Again, I think [get_attribute(...) call](https://selenium-python.readthedocs.io/api.html#selenium.webdriver.remote.webelement.WebElement.get_attribute) can help in distinguishing these.

In [71]:
def spot_some_air_stuff(browser):
    # these are all the elements, corresponding to the desired filter
    elements = browser.find_elements(By.CSS_SELECTOR, "div[role=button][tabindex='-1']")
    airports = []
    airplanes = []
    
    for element in elements:
        aria = element.get_attribute('aria-label')# ... this is where you choose whether this is an airport or an airplane
        if aria:
            airports.append(element)
        else:
            airplanes.append(element)
    return airports, airplanes

### Get the info from the pane

When we click on the airplane image, a side pane appears.
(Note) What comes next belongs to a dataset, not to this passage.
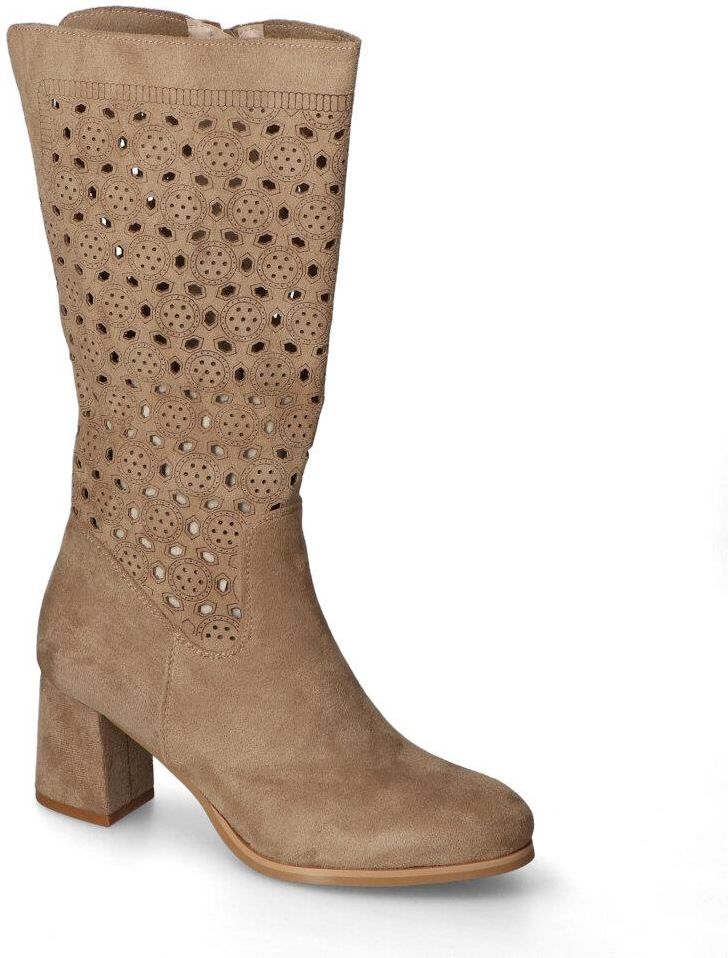 Kozaki M.Daszyński to wyjątkowy model, który łączy w sobie modny design i komfort noszenia. Wykonane z wysokiej jakości ekozamszu, te ażurowe kozaki wyróżniają się nie tylko estetyką, ale także funkcjonalnością. Ich subtelny, beżowy kolor sprawia, że doskonale komponują się z różnorodnymi stylizacjami, od casualowych po eleganckie.Ażurowe wycięcia na cholewce dodają lekkości i oryginalności, a jednocześnie zapewniają odpowiednią wentylację. Wnętrze pokryte materiałem tekstylnym oraz skórzana wkładka gwarantują komfort i ciepło, co czyni je idealnym wyborem na chłodniejsze dni. Obcas o średniej wysokości zapewnia stabilność, a jednocześnie podkreśla kobiecą sylwetkę.Kozaki M.Daszyński są idealne na różnorodne okazje – świetnie sprawdzą się zarówno na wyjścia do pracy, jak i na wieczorne spotkania. Wybierz te kozaki, aby cieszyć się połączeniem nowoczesnego stylu z komfortem, który docenisz każdego dnia.

We will read the info from this pane.

In [72]:
def get_flight_info(browser):
    flight = browser.find_element(By.CSS_SELECTOR, 'h2.airline-info__flight-no')
    dep = browser.find_element(By.CSS_SELECTOR, "a.dep.iata")
    dest = browser.find_element(By.CSS_SELECTOR, "a.arr.iata")
    flight_number = flight.text
    departure = dep.get_attribute('data-tooltip-value')
    destination = dest.get_attribute('data-tooltip-value')   
    return flight_number, departure, destination

### And here is the main method

Add some missing code lines, where TODO is specified.

In [73]:
def report_flights(browser, center, scale):
    import time

    browser.get(f"https://www.flightradar24.com/{center}/{scale}")
    # wait a page to load
    browser.implicitly_wait(5)
    # wait dynamic elements to load
    time.sleep(5)
    innopolis_px = get_center_point(browser)   
    airports, airplanes = spot_some_air_stuff(browser)
    for element in airports:
        loc = element.location

        # shifts are due to airport figure size
        coord = (element.location['x'] + element.size['width'] // 2, 
                 element.location['y'] + element.size['height'] // 2)
        d = dist(innopolis_px, coord) * scale_km_per_px(scale)
        print(f"Airport {element.get_attribute('aria-label')} is {d:.2f} km away.")
    
    for element in airplanes:
        try:
            # TODO click on the airplane icon (element). See https://selenium-python.readthedocs.io/api.html#selenium.webdriver.remote.webelement.WebElement.click
            element.click()
            
            # let it render the pane
            time.sleep(1)
            # extract flight info from the pane
            flight_number, departure, destination = get_flight_info(browser)
            # shifts are due to airplane figure size
            coord = (element.location['x'] + element.size['width'] // 2, 
                     element.location['y'] + element.size['height'] // 2)
            d = dist(innopolis_px, coord) * scale_km_per_px(scale)
            message = (f"{flight_number} flies\n\tfrom " + 
                       f"{departure}\n\tto " + 
                       f"{destination}\n\t" + 
                       f"{d:.2f}km far away from Innopolis")
            message = message.replace("<br>", " ")
            print(message)

            # TODO: click on the [x] in the corner of the panel.
            # this is an <a> tag with 'close-panel' class
            # NB: Sometimes this can also raise and exception due to occlusion
            # your code here
            browser.find_element(By.CSS_SELECTOR, "a.close-panel").click()
        except Exception as e:
            pass
            # print(e)

In [74]:
%%time
report_flights(browser, innopolis, 8)

Airport Ulyanovsk Vostochny Airport (ULY/UWLW) is 139.68 km away.
Airport Cheboksary Airport (CSY/UWKS) is 91.01 km away.
Airport Kazan International Airport (KZN/UWKD) is 37.84 km away.
SU1231 flies
	from Ufa International Airport (UFA/UWUU)
	to Moscow Sheremetyevo International Airport (SVO/UUEE)
	46.61km far away from Innopolis
SU1191 flies
	from Kazan International Airport (KZN/UWKD)
	to Moscow Sheremetyevo International Airport (SVO/UUEE)
	25.18km far away from Innopolis
SU6076 flies
	from Ulyanovsk Baratayevka Airport (ULV/UWLL)
	to Moscow Sheremetyevo International Airport (SVO/UUEE)
	190.98km far away from Innopolis
CPU times: total: 46.9 ms
Wall time: 20.7 s


### And now we close the browser

In [75]:
browser.quit()

## Headless

Drawing the page explicitly consumes additional resources. Thus, we will run our application with no browser window now!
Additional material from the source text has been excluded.